OpenAI is treading on thin ice. According to a recent report, the ChatGPT maker could lose as much as $5 billion this year. Regarding costs, OpenAI is projected to spend nearly $4 billion this year on renting Microsoft’s servers to power ChatGPT and its underlying LLMs.
OpenAI’s expenses for training, including data acquisition, could soar to nearly $3 billion. Additionally, with a rapidly growing workforce of around 1,500 employees, its costs could reach approximately $1.5 billion, driven partly by fierce competition for technical talent with companies like Google.
In total, OpenAI’s operational expenses this year could reach up to $8.5 billion.
However, there is still hope. OpenAI recently generated $3.4 billion annual revenue.
ChatGPT Plus, the premium version of OpenAI’s popular chatbot, emerged as the primary revenue driver, contributing $1.9 billion. The service boasts 7.7 million subscribers paying $20 per month. Following closely is ChatGPT Enterprise, which brought in $714 million from 1.2 million subscribers at $50 per month. The API generated $510 million, while ChatGPT Team added $290 million from 80,000 subscribers paying $25 monthly.
The question arises – “How long can OpenAI continue operating this way?” Without raising funds soon, the company may run out of cash to sustain its operations.
OpenAI may end up losing $5 billion this year and run out of cash in 12 months unless it raises more money. Investors should ask: What is their moat? Unique tech? What is their route to profitability when Meta is giving away similar tech for free? Do they have a killer app? Will the tech ever be reliable? What is real and what is just a demo?” posted Gary Marcus on X. He may not be wrong.
OpenAI has raised approximately $13.3 billion in total funding to date from Microsoft.
OpenAI’s Jugaad
OpenAI is cutting costs with GPT-4o Mini. At 15 cents per million input tokens and 60 cents per million output tokens, GPT-4o Mini is over 60% cheaper than GPT-3.5 Turbo. Recently, CEO Sam Altman posted that GPT-4o mini is “already processing more than 200B tokens per day!”
If we do some number crunching, processing 200 billion tokens daily, GPT-4o Mini costs OpenAI $90,000 per day, compared to $225,000 with GPT-3.5 Turbo. This transition allows OpenAI to save $135,000 daily, showcasing enhanced efficiency and cost-effectiveness.
OpenAI Has no Money, no Moat
Regardless of these reports, OpenAI has now announced SearchGPT, a prototype with AI search features that delivers quick, timely answers, with clear and relevant sources. However, Perplexity AI, the much touted Google-search alternative, already offers similar capabilities.
Moreover, Altman has also revealed that the voice feature on GPT-4o will be rolled out to Alpha users next week.
However, Hume AI has already been leading the way with its Empathetic Voice Interface (EVI). Companies such as SenseTime and Kyutai are also developing voice-based products like SenseNova 5.0 and Moshi, respectively.

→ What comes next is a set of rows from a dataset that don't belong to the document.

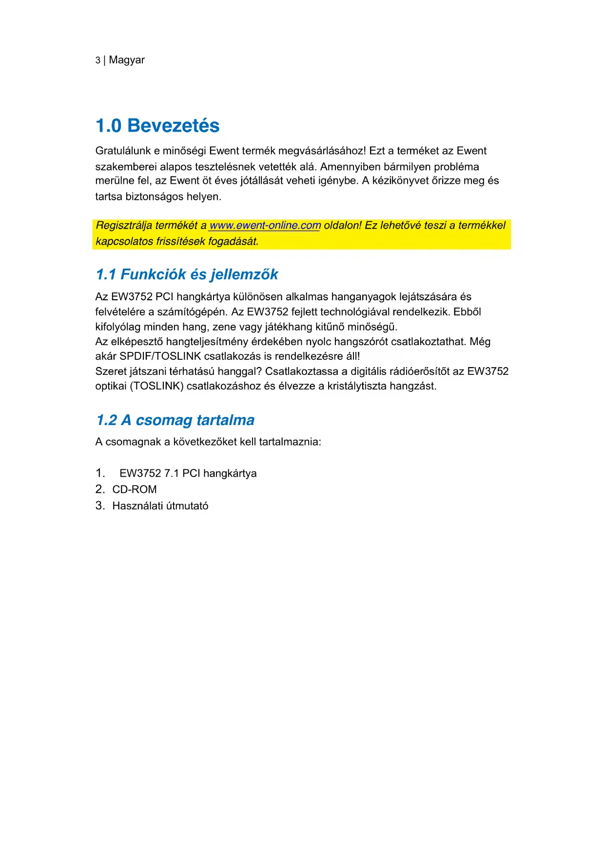Gratulálunk e minó ségi Ewent termék megvásárlásához! Ezt a terméket az Ewent szakemberei alapos tesztelésnek vetéték alá. Amennyiben bármilyen probléma merülne fel, az Ewent ötes jotállását veheti igénybe. A kézikönyvet őrize meg és tartsa biztonságos helyen.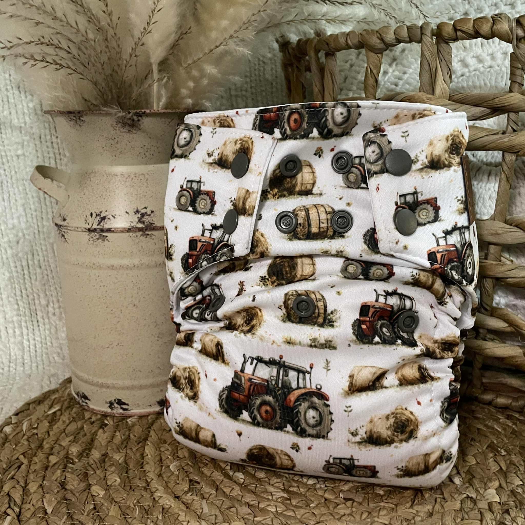 L’extérieur de la couche est fabriqué d'un polyester à motif sur toute la surface de la couche et celui-ci est entièrement doublé de tissu imperméable (PUL) 100% polyester. Notre couche tout motif est plus mince que notre couche wrap tout en étant aussi étanche !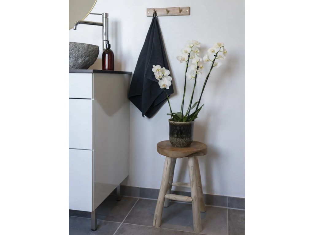 Tato stolička z masivního teakového dřeva vyniká svou přírodní naturálností a je ideálním doplňkem volného koutu v chodbě nebo na balkóně či terase. Exotické dřeviny se totiž skvěle hodí i do exteriéru. Postavte na ni třeba keramické květináče s pokojovými rostlinami nebo skleněnou vázu s usušenými stébly trávin a vytvořte si malou přírodní oázu.

At Google I/O 2024, Google introduced its AI agent Project Astra, which processes and integrates multiple modalities of data, including text, speech, images, and video.
Apple has also upgraded Siri with ‘Apple Intelligence,’ enabling it to perform more actions for users.

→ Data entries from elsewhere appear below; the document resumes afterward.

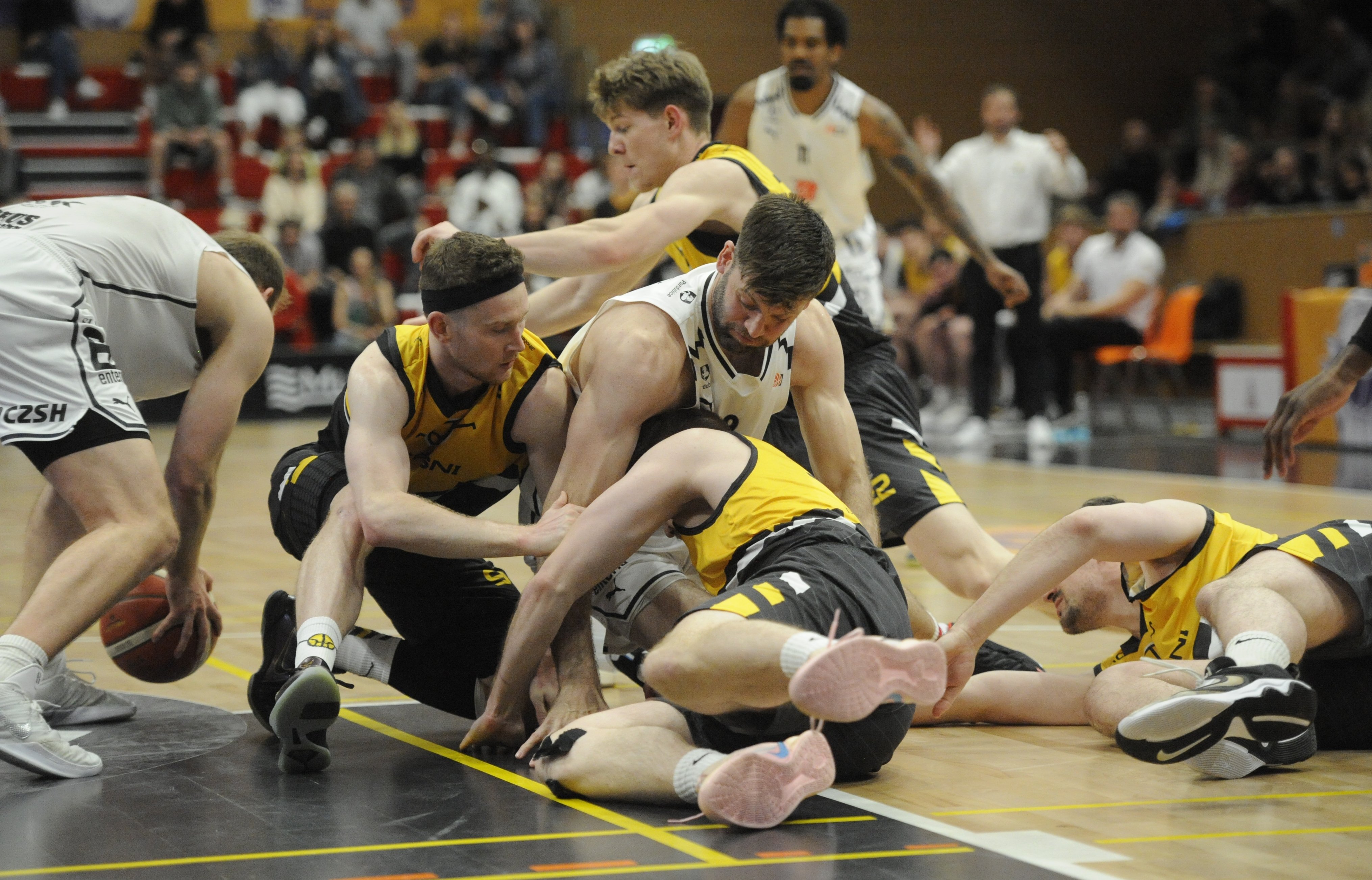 Díky šňůře 17:4 jsme na začátku 13. minuty přesto poprvé odskočili na dvouciferný rozdíl (32:22). Sršni však potvrdili pověst nesmírně odhodlaného týmu a vedeni Janem Karlovským, který měl už v 15. minutě na kontě 13 bodů, do poločasu stáhli manko na šest bodů. Přestože jsme nedlouho po startu druhé půle náš náskok zdvojnásobili (59:47), houževnatí hosté se po šňůře 2:10 znovu dotáhli.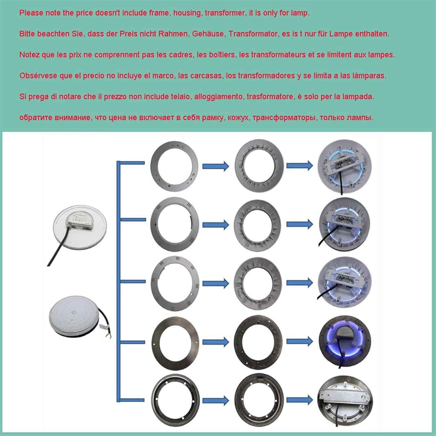 Pond LightsNotes need to be careful.1. Do not connect AC110V, AC230V, or any voltage more than 12V to our lamp, and It only works in AC12V, not DC12V.2. Do not let the lamp on more than 10 minutes WHEN IT IS OUT OF WATER, if not, it will be easier and get burned.3. You don't need to worry when you see the RGB lamps don't show the same color after connecting power, but just switching main power off/on THREE TIMES, they will show the same color.ParametersInput voltage: AC12VLED : SMD 2835 LEDWatt versions: 18W / 42WLamp body material: PlasticLamp dimension: D177xH24mmLamp waterproof grade: IP68 ( can be put into water directly ).Length of power cable: 1.5 meterWarranty: 2 YearsLife Span: 50000 hoursSolid color ( single color ): Warm White ( 2700-3500K ), Pure White ( 5500-6300K ), BlueMultiple color: RGB no remote ( controlled by main power switches on/off )Notes1. The only includes LED Lamp, installation screws, it doesn't includes , frame and housing, BUT you can buy them from us by asking.2. Our lamp needs to be connected a AC12V to convert AC110 or AC230V into AC12V.3. RGB color doesn't have remote, it is controlled by main power switches on/off for ONE TIME to change colors.4. RGB is multiple color, it includes red, green, blue, cyan, yellow, purple, white, and some dynamic modes ( RGB graudal, 7 color gradual, flashing, jumping, ect ).Advantages of our lamps to other suppliers'.1. Our multicolor lamp has switches off/on function.switches off/on means customers can change lamp's color and mode by switching power off and on instead of remote.2. 2 Years warranty and better waterproof grade.3. Much more bright in the same watt.Packing1. If you choose the lamp in single color ( red/ green/ blue/ pure white/ warm white ).*1 piece x LED Pool Lamp*1 bag x Installation aceessories*1 piece x Manual2. If you choose RGB no remote.*1 piece x LED Pool Lamp*1 bag x Installation aceessories*1 piece x ManualLamp's pictureLED Color EffectThe wall switches is not included in , customers can use their own one.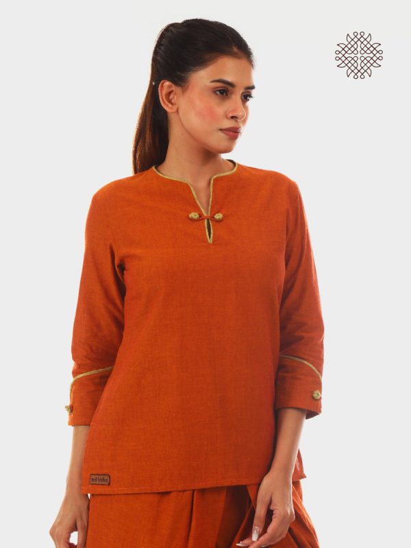 Mayura Kurta - Hand Block Printed Rusty Brown Crop Top crafted in 100% cotton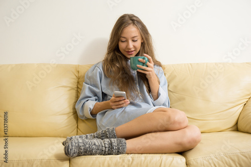 young woman at home drinking coffee and relaxing on couch using cellphone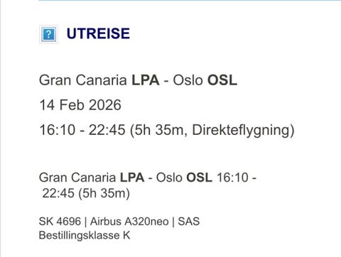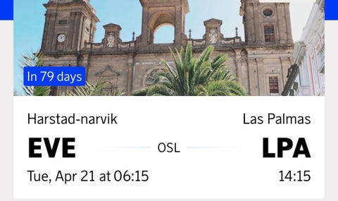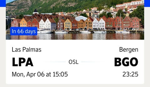 Las Palmas-Oslo- Bergen 2. påskedag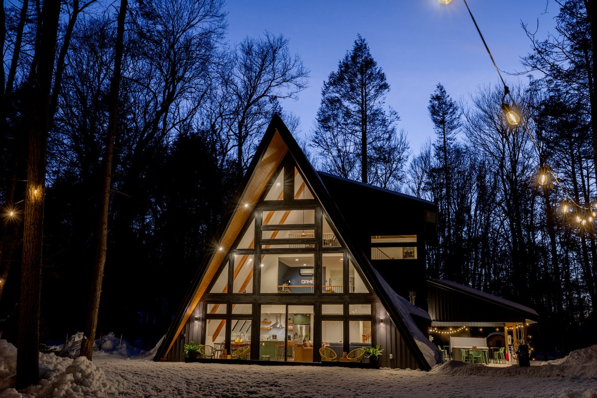 Kuća u obliku slova A sa pogledom na jezero | Hidromasažna kada pod zvezdama | Xbox | Moderna

From the perspective of LLMs, Meta released Llama 3.1, which performs even better than OpenAI’s GPT-4o and GPT-4o Mini in categories such as general knowledge, reasoning, reading comprehension, code generation, and multilingual capabilities.
“Guys, fine-tuned Llama 3.1 8B is completely cracked. Just ran it through our fine-tuning test suite and it blows GPT-4o mini out of the water on every task,” posted a user on X. “There has never been an open model this small, this good.”
Within a day, Paris-based Mistral AI has also released Mistral Large 2, which offers substantial improvements in code generation, mathematics, and multilingual support, even outperforming Llama 3.1 in code generation and math abilities.
With a 128k context window and support for dozens of languages, including French, German, Spanish, and Chinese, Mistral Large 2 aims to cater to diverse linguistic needs. It also supports 80+ coding languages, such as Python, Java, and C++.
This puts the race to building LLMs and SLMs back into perspective. The case now seems that OpenAI, which was the pioneer in generative AI, is lagging behind when it comes to releases.
Not to forget, OpenAI has been postponing the launch of Sora, which is now expected later this year. Meanwhile, the video generation space has seen a surge of startups like Kling, RunwayML, and Luma AI. Recently, Kling AI, the Chinese company, announced the global launch of Kling AI International Version 1.0.
Simply put, OpenAI is certainly a jack of all trades, master of none.